Activity → Write out the entries below exactly, but only from the line containing "New XC60 對於座艙質感的追求,體現在每一處觸手可及的細節。內裝材質選用全新開發的" through the line containing "VISAKHAPATNAM : Raksha", and without the pictures.

Data under study →
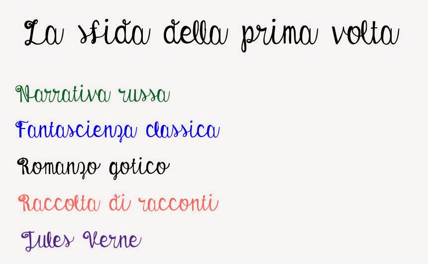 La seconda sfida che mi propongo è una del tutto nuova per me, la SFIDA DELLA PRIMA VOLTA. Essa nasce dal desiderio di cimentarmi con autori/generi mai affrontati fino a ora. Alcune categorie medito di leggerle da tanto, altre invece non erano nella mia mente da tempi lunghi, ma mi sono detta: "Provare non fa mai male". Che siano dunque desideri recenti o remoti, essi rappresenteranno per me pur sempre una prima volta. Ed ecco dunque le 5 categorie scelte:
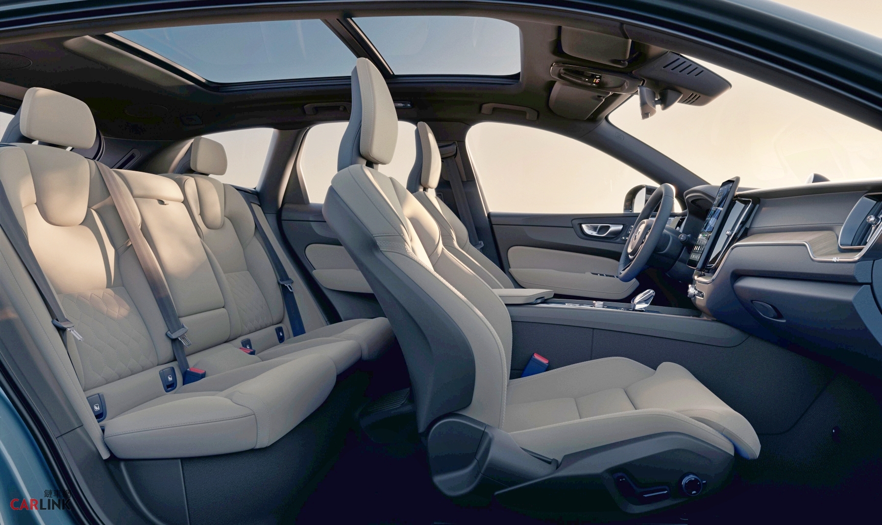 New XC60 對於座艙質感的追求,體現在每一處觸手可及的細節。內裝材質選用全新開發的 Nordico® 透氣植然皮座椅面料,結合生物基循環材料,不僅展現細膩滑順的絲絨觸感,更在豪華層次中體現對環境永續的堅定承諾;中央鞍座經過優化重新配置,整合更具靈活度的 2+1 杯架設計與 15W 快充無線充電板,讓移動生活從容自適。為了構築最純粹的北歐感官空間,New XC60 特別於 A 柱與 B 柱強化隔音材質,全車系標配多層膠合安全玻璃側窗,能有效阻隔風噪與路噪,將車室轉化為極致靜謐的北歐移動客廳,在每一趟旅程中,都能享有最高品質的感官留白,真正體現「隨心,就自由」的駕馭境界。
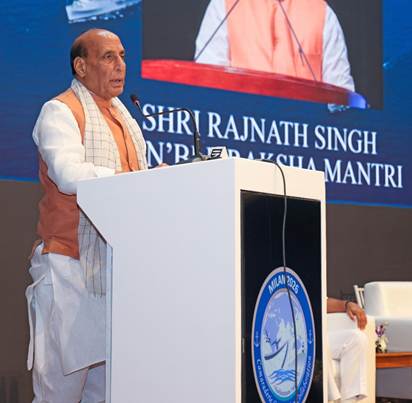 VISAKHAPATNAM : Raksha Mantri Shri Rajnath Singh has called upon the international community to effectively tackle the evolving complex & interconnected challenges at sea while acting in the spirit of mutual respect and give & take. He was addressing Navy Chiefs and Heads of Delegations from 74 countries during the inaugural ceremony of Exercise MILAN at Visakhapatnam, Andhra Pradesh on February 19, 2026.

...

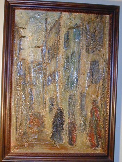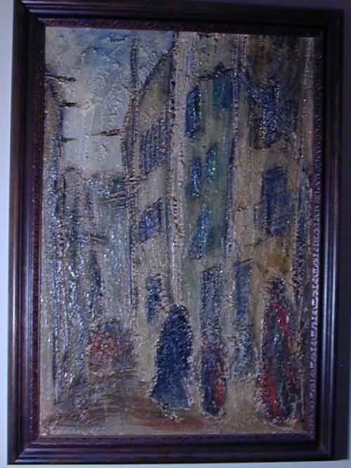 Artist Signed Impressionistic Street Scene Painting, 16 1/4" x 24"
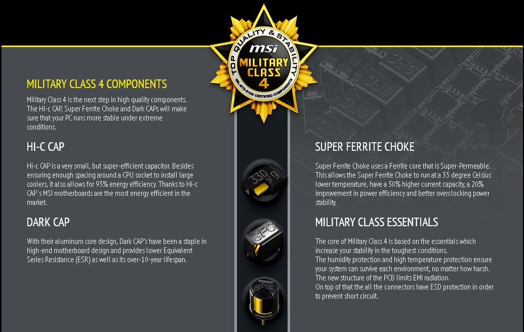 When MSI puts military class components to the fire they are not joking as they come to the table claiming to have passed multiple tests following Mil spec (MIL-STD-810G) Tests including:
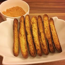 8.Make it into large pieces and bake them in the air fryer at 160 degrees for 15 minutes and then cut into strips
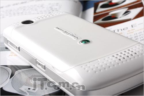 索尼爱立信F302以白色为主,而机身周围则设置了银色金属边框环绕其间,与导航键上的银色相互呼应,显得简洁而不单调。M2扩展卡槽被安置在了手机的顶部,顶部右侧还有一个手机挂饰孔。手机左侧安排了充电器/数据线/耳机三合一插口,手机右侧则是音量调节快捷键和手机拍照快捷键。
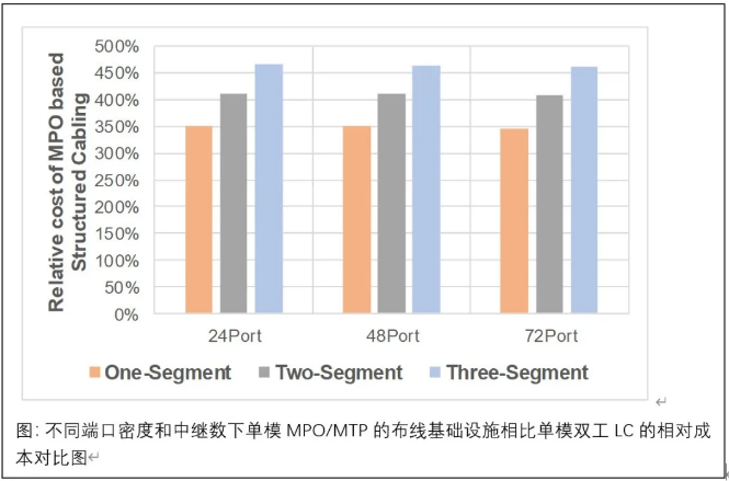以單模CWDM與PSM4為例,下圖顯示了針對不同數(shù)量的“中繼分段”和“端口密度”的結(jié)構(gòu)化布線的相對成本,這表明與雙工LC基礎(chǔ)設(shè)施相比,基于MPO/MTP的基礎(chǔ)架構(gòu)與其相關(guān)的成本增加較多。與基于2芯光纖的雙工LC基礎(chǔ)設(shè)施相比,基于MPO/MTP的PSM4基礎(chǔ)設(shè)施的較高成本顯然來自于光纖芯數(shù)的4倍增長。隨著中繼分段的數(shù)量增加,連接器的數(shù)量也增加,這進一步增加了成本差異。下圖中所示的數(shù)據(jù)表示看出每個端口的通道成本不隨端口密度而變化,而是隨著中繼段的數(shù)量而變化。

Task output →
 New XC60 對於座艙質感的追求,體現在每一處觸手可及的細節。內裝材質選用全新開發的 Nordico® 透氣植然皮座椅面料,結合生物基循環材料,不僅展現細膩滑順的絲絨觸感,更在豪華層次中體現對環境永續的堅定承諾;中央鞍座經過優化重新配置,整合更具靈活度的 2+1 杯架設計與 15W 快充無線充電板,讓移動生活從容自適。為了構築最純粹的北歐感官空間,New XC60 特別於 A 柱與 B 柱強化隔音材質,全車系標配多層膠合安全玻璃側窗,能有效阻隔風噪與路噪,將車室轉化為極致靜謐的北歐移動客廳,在每一趟旅程中,都能享有最高品質的感官留白,真正體現「隨心,就自由」的駕馭境界。
 VISAKHAPATNAM : Raksha Mantri Shri Rajnath Singh has called upon the international community to effectively tackle the evolving complex & interconnected challenges at sea while acting in the spirit of mutual respect and give & take. He was addressing Navy Chiefs and Heads of Delegations from 74 countries during the inaugural ceremony of Exercise MILAN at Visakhapatnam, Andhra Pradesh on February 19, 2026.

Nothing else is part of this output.